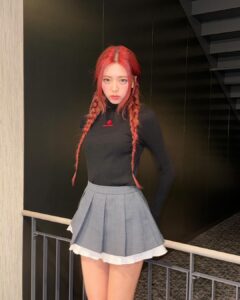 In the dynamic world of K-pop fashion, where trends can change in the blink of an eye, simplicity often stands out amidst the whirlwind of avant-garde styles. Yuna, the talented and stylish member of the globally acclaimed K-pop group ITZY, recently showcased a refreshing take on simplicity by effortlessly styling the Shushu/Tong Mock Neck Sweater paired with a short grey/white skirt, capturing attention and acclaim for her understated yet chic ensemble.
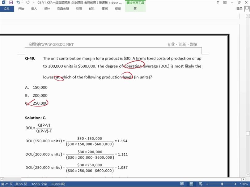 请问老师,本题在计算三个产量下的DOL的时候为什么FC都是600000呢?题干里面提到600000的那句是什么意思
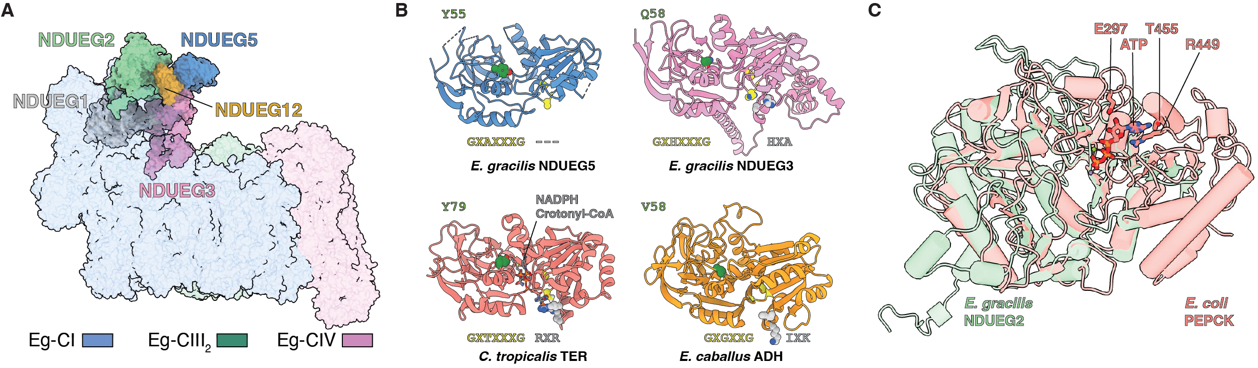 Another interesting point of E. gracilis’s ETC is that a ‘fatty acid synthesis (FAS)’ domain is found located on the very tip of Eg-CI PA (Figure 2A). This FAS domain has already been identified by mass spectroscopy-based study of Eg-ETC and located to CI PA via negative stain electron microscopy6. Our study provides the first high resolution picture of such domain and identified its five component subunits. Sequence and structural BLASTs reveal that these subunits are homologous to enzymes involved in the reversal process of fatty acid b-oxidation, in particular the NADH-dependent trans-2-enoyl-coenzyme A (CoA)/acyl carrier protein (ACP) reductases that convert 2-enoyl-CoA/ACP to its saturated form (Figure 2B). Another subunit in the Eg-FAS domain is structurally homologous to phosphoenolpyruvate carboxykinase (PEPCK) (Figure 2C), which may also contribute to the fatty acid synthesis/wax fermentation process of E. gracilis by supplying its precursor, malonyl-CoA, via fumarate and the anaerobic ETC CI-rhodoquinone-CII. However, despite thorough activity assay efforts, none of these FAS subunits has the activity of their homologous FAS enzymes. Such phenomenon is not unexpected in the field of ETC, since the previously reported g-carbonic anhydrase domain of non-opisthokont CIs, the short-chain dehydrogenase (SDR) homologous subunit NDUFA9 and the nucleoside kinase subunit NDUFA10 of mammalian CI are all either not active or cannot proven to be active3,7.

____

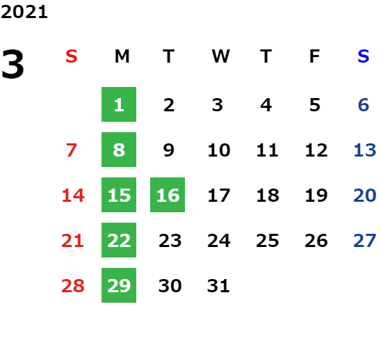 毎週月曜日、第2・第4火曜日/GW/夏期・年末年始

____

## WORK INSTRUCTION
Every line above from the one with "In the dynamic" down to the one with "请问老师,本题在计算三个产量" must be written out exactly, and no picture may appear.

## WRITTEN RESPONSE
 In the dynamic world of K-pop fashion, where trends can change in the blink of an eye, simplicity often stands out amidst the whirlwind of avant-garde styles. Yuna, the talented and stylish member of the globally acclaimed K-pop group ITZY, recently showcased a refreshing take on simplicity by effortlessly styling the Shushu/Tong Mock Neck Sweater paired with a short grey/white skirt, capturing attention and acclaim for her understated yet chic ensemble.
 请问老师,本题在计算三个产量下的DOL的时候为什么FC都是600000呢?题干里面提到600000的那句是什么意思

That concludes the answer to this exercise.